At Caiman Ranch, wildlife-viewing tours generate funds for habitat-preservation efforts. (Photo by Daniel Gutman)
Until just a few years ago, it was common for men gathered in the local bars of Brazil’s Pantanal region, site of the world’s largest freshwater wetland, to swap stories about their latest jaguar-hunting experiences. So says Wendell Ribeiro, 48, a native of the region.
Like many friends and family, Ribeiro began handling guns at an early age. “I learned to hunt when I was very small, and when I grew up I worked on ranches to protect cattle from [jaguar] attacks,” he says. Ribeiro later moved to the Mato Grosso do Sul state’s capital of Campo Grande, where he worked as a private security guard until, five years later, he realized he wanted to return to the wildlands of the Pantanal and did just that.
Once back, however, he found a far different line of work—leading ecotourists on horseback rides and other recreational activities. He does so at Fazenda Caiman, a 53,000-hectare (131,000-acre) private landholding in the Pantanal that does, in fact, raise cattle, an activity with a 250-year history in the region’s grasslands. But there’s no hunting. That’s because Caiman’s overarching focus—and main source of income—is biodiversity conservation and the ecotourists it attracts to a popular onsite lodge and wildlife-watching operation.

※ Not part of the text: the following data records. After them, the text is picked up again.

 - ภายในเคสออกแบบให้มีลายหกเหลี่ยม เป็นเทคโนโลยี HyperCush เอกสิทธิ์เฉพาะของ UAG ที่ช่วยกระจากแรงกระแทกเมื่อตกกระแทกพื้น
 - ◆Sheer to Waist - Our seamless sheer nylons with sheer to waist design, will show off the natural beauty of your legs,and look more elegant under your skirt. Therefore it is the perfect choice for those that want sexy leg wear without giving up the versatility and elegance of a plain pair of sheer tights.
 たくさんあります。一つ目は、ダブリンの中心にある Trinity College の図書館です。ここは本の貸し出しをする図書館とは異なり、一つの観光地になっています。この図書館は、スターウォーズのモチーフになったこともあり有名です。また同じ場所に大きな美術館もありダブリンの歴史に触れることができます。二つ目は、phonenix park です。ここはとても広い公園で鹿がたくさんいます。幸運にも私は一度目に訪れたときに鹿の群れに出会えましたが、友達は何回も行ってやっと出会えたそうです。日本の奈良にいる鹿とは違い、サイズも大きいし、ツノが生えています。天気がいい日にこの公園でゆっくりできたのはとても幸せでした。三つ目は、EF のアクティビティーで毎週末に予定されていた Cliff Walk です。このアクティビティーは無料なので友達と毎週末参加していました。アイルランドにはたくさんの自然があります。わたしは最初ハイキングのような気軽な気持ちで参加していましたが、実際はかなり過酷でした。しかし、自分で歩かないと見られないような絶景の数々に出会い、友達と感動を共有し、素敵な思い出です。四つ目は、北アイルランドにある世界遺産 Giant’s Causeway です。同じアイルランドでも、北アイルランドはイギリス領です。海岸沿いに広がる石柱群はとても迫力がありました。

Other cattle ranches in the region are following suit, offering visitors the chance to see wild jaguars (Panthera onca), the main drawing card, but also other fauna including the collared anteater (Tamandua tetradactyla), marsh deer (Blastocerus dichotomus), tapir (Tapirus terrestris), capybara (Hydrochoerus hydrochaeris), and a staggering array of birds.

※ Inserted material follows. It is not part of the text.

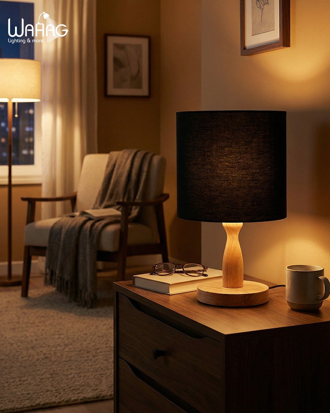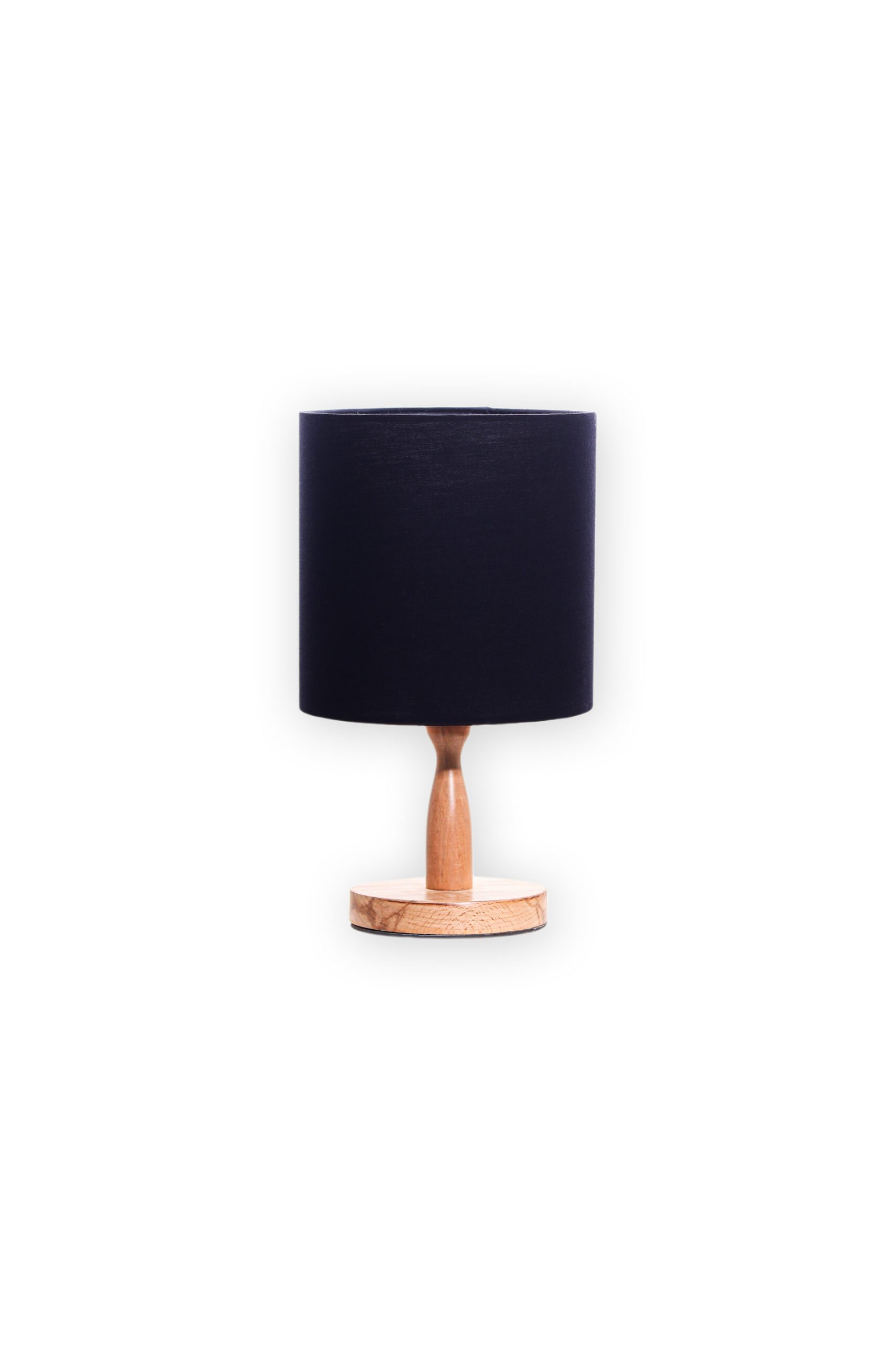 Table lamp with a slender, elegant beech wood base and a black shade.

The Pantanal covers about 200,000 square kilometers (77,000 sq. miles), with the vast bulk of that area located in central-western Brazil and portions of it extending into Bolivia and Paraguay. Recognized by Unesco as a Natural Heritage of Humanity, it is extraordinarily biodiverse. At the same time, though, the biome is quite vulnerable given its dependence on adjacent, upland water sources that are increasingly constricted by climate change and contaminated by monocrop agriculture—soy cultivation, for the most part.
Precipitation in the October-to-March rainy season greatly expand the wetland, but in recent years the extent of flooding has declined. They attribute the trend to climate change, which they say is also causing greater frequency and intensity of wildfires, which have swept across enormous swaths of the Pantanal, incinerating vast quantities of plants and animals.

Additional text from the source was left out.